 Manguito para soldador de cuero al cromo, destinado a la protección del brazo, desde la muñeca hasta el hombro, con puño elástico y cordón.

* * *

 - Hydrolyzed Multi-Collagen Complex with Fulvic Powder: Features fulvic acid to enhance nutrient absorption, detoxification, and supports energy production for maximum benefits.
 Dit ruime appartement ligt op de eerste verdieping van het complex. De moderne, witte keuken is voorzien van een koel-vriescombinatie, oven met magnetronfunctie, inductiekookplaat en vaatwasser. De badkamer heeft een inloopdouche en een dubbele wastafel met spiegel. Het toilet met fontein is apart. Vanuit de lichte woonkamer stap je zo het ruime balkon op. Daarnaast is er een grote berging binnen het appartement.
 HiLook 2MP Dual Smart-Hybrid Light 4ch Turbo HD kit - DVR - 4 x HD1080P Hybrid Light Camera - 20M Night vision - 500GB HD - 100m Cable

---

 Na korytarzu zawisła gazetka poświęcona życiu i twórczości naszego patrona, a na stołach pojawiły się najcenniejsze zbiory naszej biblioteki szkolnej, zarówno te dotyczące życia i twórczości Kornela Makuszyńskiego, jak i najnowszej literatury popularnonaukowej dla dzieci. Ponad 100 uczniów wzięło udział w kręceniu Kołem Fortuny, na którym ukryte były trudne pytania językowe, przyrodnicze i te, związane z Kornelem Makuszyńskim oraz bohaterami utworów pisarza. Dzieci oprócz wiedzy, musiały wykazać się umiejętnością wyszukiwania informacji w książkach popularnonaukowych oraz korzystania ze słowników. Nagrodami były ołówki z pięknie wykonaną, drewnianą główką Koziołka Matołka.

## Problem to work on
Your answer should be the exact lines above from the one with "- Hydrolyzed Multi-Collagen" through the one with "HiLook 2MP Dual", both included, and nothing besides.

## Your response
 - Hydrolyzed Multi-Collagen Complex with Fulvic Powder: Features fulvic acid to enhance nutrient absorption, detoxification, and supports energy production for maximum benefits.
 Dit ruime appartement ligt op de eerste verdieping van het complex. De moderne, witte keuken is voorzien van een koel-vriescombinatie, oven met magnetronfunctie, inductiekookplaat en vaatwasser. De badkamer heeft een inloopdouche en een dubbele wastafel met spiegel. Het toilet met fontein is apart. Vanuit de lichte woonkamer stap je zo het ruime balkon op. Daarnaast is er een grote berging binnen het appartement.
 HiLook 2MP Dual Smart-Hybrid Light 4ch Turbo HD kit - DVR - 4 x HD1080P Hybrid Light Camera - 20M Night vision - 500GB HD - 100m Cable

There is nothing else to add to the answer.